■ GOAL OF THE EXERCISE
All records below must be written out exactly, with the pictures excluded.

■ SUPPLIED DATA
━━━━━━━━━━━━━━━━━━━━━━━━━━━━━━
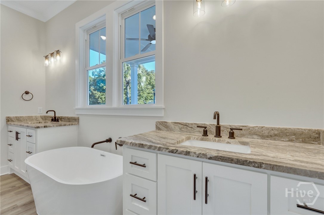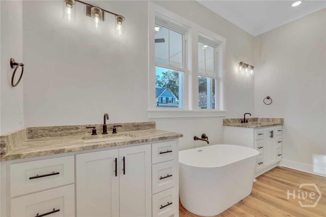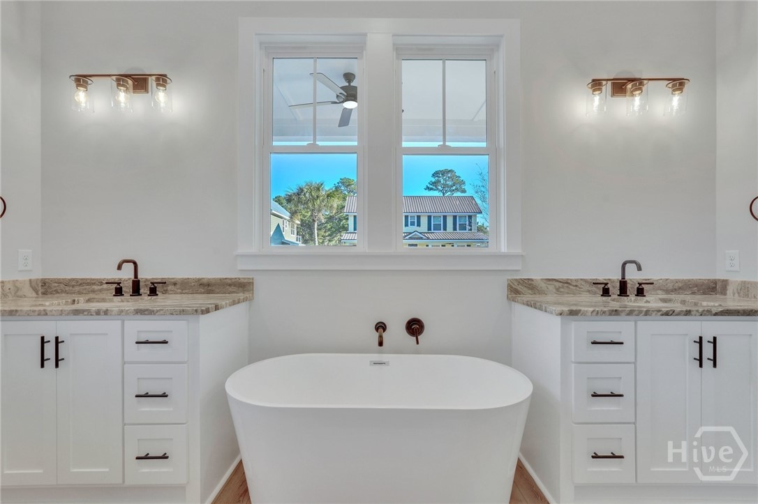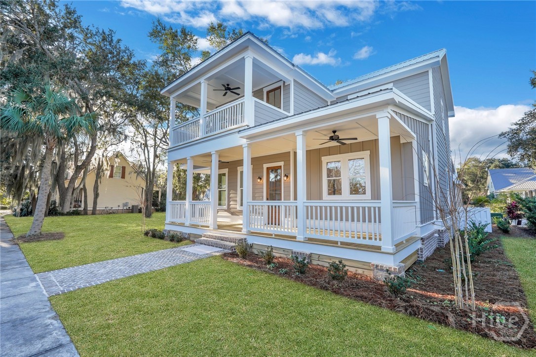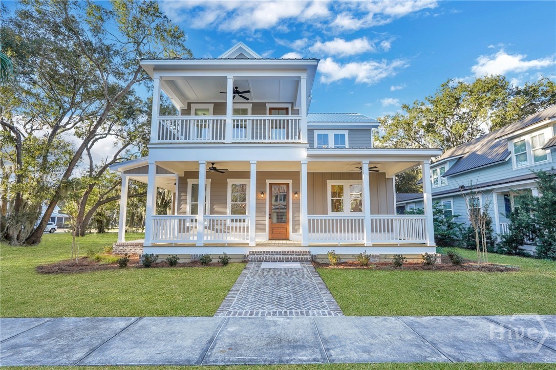 MOVE IN READY New Construction in Yellow Bluff Coastal Cottages & Marina! This home is more than dreamy. The floor plan is made for outdoor living with a full front porch, side screened porch and a second story covered balcony. It is thoughtfully planned for the open living concept. The bright & airy living room is open to the dining space & kitchen. Office space with wood stained french doors. Laundry room with cabinets, sink and a mudroom bench with cubbies. The master suite offers two walk in closets with custom built shelving, dual vanities, soaking tub and tiled shower. Upstairs offers a SECOND LIVING ROOM, two guest rooms and a bathroom with a double vanity and tiled shower. Gas fireplace, LVP flooring, marble countertops, custom cabinetry, 2 car garage. The natural landscaping on this lot emulates coastal Georgia with the palm trees and beautiful oak. Yellow Bluff amenities include boat hoist, docks, clubhouse and pool. Flood Ins. is NOT mandatory.
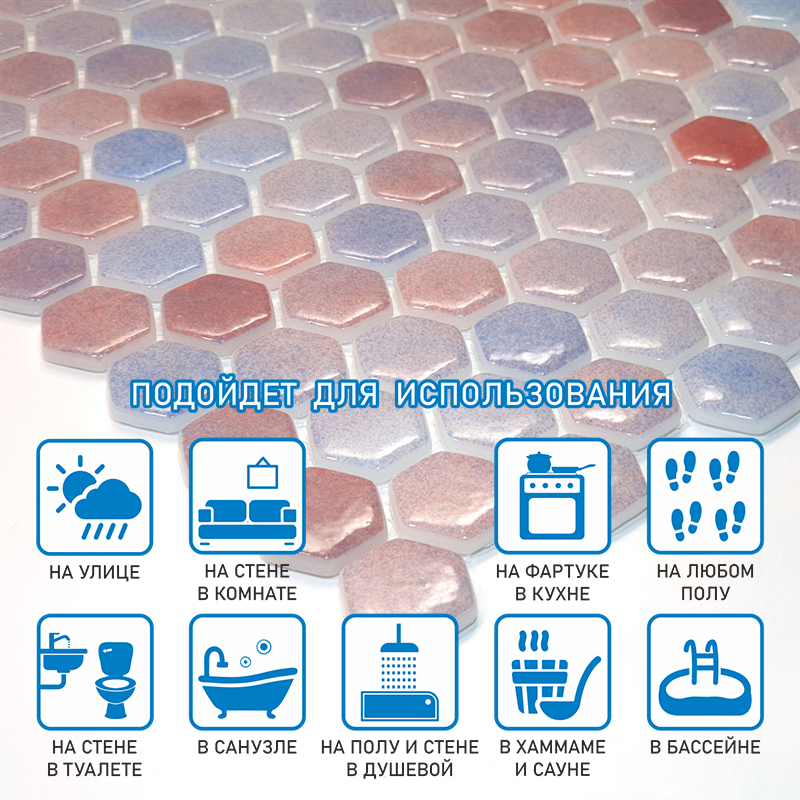 Продажа осуществляется кратно 1шт, минимальный заказ - 1 шт. Мозаика на сетке. Рекомендуется использовать клей для мозаики. В упаковке 20 шт. Внутри помещений и на улице, на кухне, на стене и на полу. Подходит для бассейнов, хаммамов, саун,ванная комната, для душевой.
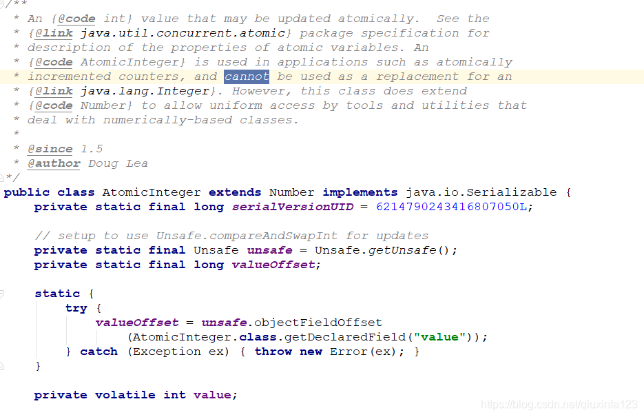 根据注释说明,可以大概知道,AtomicInteger主要用来解决类似于自动递增的计数问题,它并不能替代Integer类。注意到,它有一个成员属性 value,并且是用volatile修饰的,从而保证了可见性。
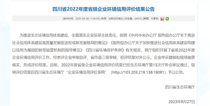近日,四川省生態(tài)環(huán)境廳公布了2022年度企業(yè)環(huán)境信用評(píng)價(jià)結(jié)果,公司再次喜獲“環(huán)保誠(chéng)信企業(yè)”榮譽(yù)稱(chēng)號(hào),這是公司連續(xù)第6年獲此殊榮。
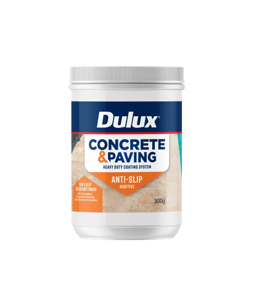 Dulux Concrete & Paving Anti-Slip Additive is specially formulated for use in Dulux Concrete & Paving Protective Sealer. Ideal for use in areas that become slippery when wet such as pool surrounds, sloping paths and outside steps. Dulux Concrete & Paving Anti-Slip Additive achieves a minimum of a P4 slip rating when applied as directed, as text to AS 4586:2013*. *NOTE: Due to slip risk do not apply to gradients greater than 8:1. If unsure about your gradient please contact Dulux Help & Advice AUST 12 25 25, NZ 0800 800 424.
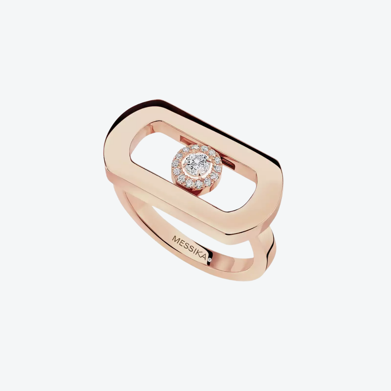 The Messika So Move ring in 18-karat rose gold is a sculptural statement that exudes both strength and whisper-soft luxury. The iconic XXL Move motif, complete with the free-flowing brilliant, forms a harmonious powerhouse within a delicate pavé frame. The polished gold surfaces subtly reflect the light, making this ring a modern classic: unmistakably graphic, timeless, yet perfectly balanced — quietly striking at the same time.
━━━━━━━━━━━━━━━━━━━━━━━━━━━━━━
■ SOLUTION TO THIS TASK
 MOVE IN READY New Construction in Yellow Bluff Coastal Cottages & Marina! This home is more than dreamy. The floor plan is made for outdoor living with a full front porch, side screened porch and a second story covered balcony. It is thoughtfully planned for the open living concept. The bright & airy living room is open to the dining space & kitchen. Office space with wood stained french doors. Laundry room with cabinets, sink and a mudroom bench with cubbies. The master suite offers two walk in closets with custom built shelving, dual vanities, soaking tub and tiled shower. Upstairs offers a SECOND LIVING ROOM, two guest rooms and a bathroom with a double vanity and tiled shower. Gas fireplace, LVP flooring, marble countertops, custom cabinetry, 2 car garage. The natural landscaping on this lot emulates coastal Georgia with the palm trees and beautiful oak. Yellow Bluff amenities include boat hoist, docks, clubhouse and pool. Flood Ins. is NOT mandatory.
 Продажа осуществляется кратно 1шт, минимальный заказ - 1 шт. Мозаика на сетке. Рекомендуется использовать клей для мозаики. В упаковке 20 шт. Внутри помещений и на улице, на кухне, на стене и на полу. Подходит для бассейнов, хаммамов, саун,ванная комната, для душевой.
 根据注释说明,可以大概知道,AtomicInteger主要用来解决类似于自动递增的计数问题,它并不能替代Integer类。注意到,它有一个成员属性 value,并且是用volatile修饰的,从而保证了可见性。
近日,四川省生態(tài)環(huán)境廳公布了2022年度企業(yè)環(huán)境信用評(píng)價(jià)結(jié)果,公司再次喜獲“環(huán)保誠(chéng)信企業(yè)”榮譽(yù)稱(chēng)號(hào),這是公司連續(xù)第6年獲此殊榮。
 Dulux Concrete & Paving Anti-Slip Additive is specially formulated for use in Dulux Concrete & Paving Protective Sealer. Ideal for use in areas that become slippery when wet such as pool surrounds, sloping paths and outside steps. Dulux Concrete & Paving Anti-Slip Additive achieves a minimum of a P4 slip rating when applied as directed, as text to AS 4586:2013*. *NOTE: Due to slip risk do not apply to gradients greater than 8:1. If unsure about your gradient please contact Dulux Help & Advice AUST 12 25 25, NZ 0800 800 424.
 The Messika So Move ring in 18-karat rose gold is a sculptural statement that exudes both strength and whisper-soft luxury. The iconic XXL Move motif, complete with the free-flowing brilliant, forms a harmonious powerhouse within a delicate pavé frame. The polished gold surfaces subtly reflect the light, making this ring a modern classic: unmistakably graphic, timeless, yet perfectly balanced — quietly striking at the same time.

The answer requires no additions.